Nucleic Acids Research, 2005, Vol. 33, Database issue D329-D333
© 2005, the authors
Nucleic Acids Research, Vol. 33, Database issue © Oxford University Press 2005; all rights reserved
EchoBASE: an integrated post-genomic database for Escherichia coli
Department of Biology (Area 10), University of York, PO Box 373,York, YO10 5YW, UK and 1 Scientific Computing and Mathematical Modelling, GlaxoSmithKline, Gunnels Wood Road, Stevenage, SG1 2NY, UK
* To whom correspondence should be addressed. Tel: +44 1904 328678; Fax: +44 1904 328825; Email: ght2{at}york.ac.uk
Received August 13, 2004; Accepted September 21, 2004
| ABSTRACT |
|---|
|
|
|---|
EchoBASE (http://www.ecoli-york.org) is a relational database designed to contain and manipulate information from post-genomic experiments using the model bacterium Escherichia coli K-12. Its aim is to collate information from a wide range of sources to provide clues to the functions of the approximately 1500 gene products that have no confirmed cellular function. The database is built on an enhanced annotation of the updated genome sequence of strain MG1655 and the association of experimental data with the E.coli genes and their products. Experiments that can be held within EchoBASE include proteomics studies, microarray data, proteinprotein interaction data, structural data and bioinformatics studies.

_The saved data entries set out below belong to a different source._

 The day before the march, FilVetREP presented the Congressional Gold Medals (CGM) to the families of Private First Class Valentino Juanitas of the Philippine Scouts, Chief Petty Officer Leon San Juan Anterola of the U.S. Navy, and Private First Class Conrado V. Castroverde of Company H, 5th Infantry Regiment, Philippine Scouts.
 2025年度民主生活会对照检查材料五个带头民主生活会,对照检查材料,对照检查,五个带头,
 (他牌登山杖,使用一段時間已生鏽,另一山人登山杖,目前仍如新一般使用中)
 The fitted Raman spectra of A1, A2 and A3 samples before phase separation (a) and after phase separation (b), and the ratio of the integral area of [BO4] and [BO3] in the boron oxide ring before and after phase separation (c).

EchoBASE also contains annotated information on orphan enzyme activities from this microbe to aid characterization of the proteins that catalyse these elusive biochemical reactions.
| INTRODUCTION |
|---|
|
|
|---|
The bacterium Escherichia coli K-12 is the most thoroughly studied free-living organism and the completion of the genome sequence of strain MG1655 in 1997 was a landmark event in the study of this model organism (1). Our understanding of this species has been boosted by the genome sequences of the pathogenic strains E.coli O157:H7 (2,3) and E.coli CFT073 (4). The genome sequence has provided the opportunity of being able to identify all the potential components of the cell, and the annotation of E.coli K-12 strain MG1655 has recently been updated with some sequence and resulting gene annotation changes. One striking fact remains 7 years after the sequence was finished: the physiological functions of nearly 35% of its gene products are unknown, while almost 20% of the genome contains genes for which we cannot make a confident prediction of function (functionally unknown or FUN genes) (57).

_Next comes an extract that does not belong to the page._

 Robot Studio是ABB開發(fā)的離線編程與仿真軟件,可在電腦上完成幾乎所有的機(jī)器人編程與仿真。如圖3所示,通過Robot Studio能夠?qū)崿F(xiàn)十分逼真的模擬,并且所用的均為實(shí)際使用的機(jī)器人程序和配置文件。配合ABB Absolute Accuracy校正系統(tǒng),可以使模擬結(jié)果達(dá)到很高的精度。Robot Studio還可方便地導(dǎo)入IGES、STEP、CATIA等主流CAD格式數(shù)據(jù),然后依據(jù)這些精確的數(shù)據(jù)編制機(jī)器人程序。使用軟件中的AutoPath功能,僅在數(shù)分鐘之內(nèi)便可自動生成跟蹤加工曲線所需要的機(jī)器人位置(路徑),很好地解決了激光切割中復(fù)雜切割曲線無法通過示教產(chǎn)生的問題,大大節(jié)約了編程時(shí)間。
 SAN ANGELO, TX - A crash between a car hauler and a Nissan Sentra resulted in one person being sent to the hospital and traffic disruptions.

Data is continuously being generated about FUN genes using many traditional and post-genomic research techniques, including proteomics, biochemical studies, microarrays, structural and bioinformatics approaches. At present, tracing all the published data on a particular FUN gene is difficult and time consuming and there is a need to collate and organize such data into a manageable and efficient database system. Integration of a wide range of information about a particular FUN gene can work synergistically to help in prediction of its function.
We describe herein the creation of EchoBASE, a new database that integrates information from post-genomic experiments into a single resource. For basic curation of gene product information, the database relies on features from other selected E.coli databases, its novelty being the linkage of curated experimental data to individual genes and ability to manipulate data from genome-wide experiments. While we aim to predict biological functions for uncharacterized gene products, there are existing lists of biochemical activities that have been identified in E.coli but not mapped to a gene product, so-called orphan enzymes. To complete our knowledge of metabolic pathways in E.coli, it is essential to identify the genes that encode these orphan enzymes and we describe our curation and analysis of orphan enzymes in E.coli as a component of EchoBASE.
EchoBASE is the major evolution of a simple HTML catalogue of functional updates of uncharacterized gene products that was begun in 1998 (7), and is a component of the E.coli index WWW site (http://ecoli.bham.ac.uk/) (8).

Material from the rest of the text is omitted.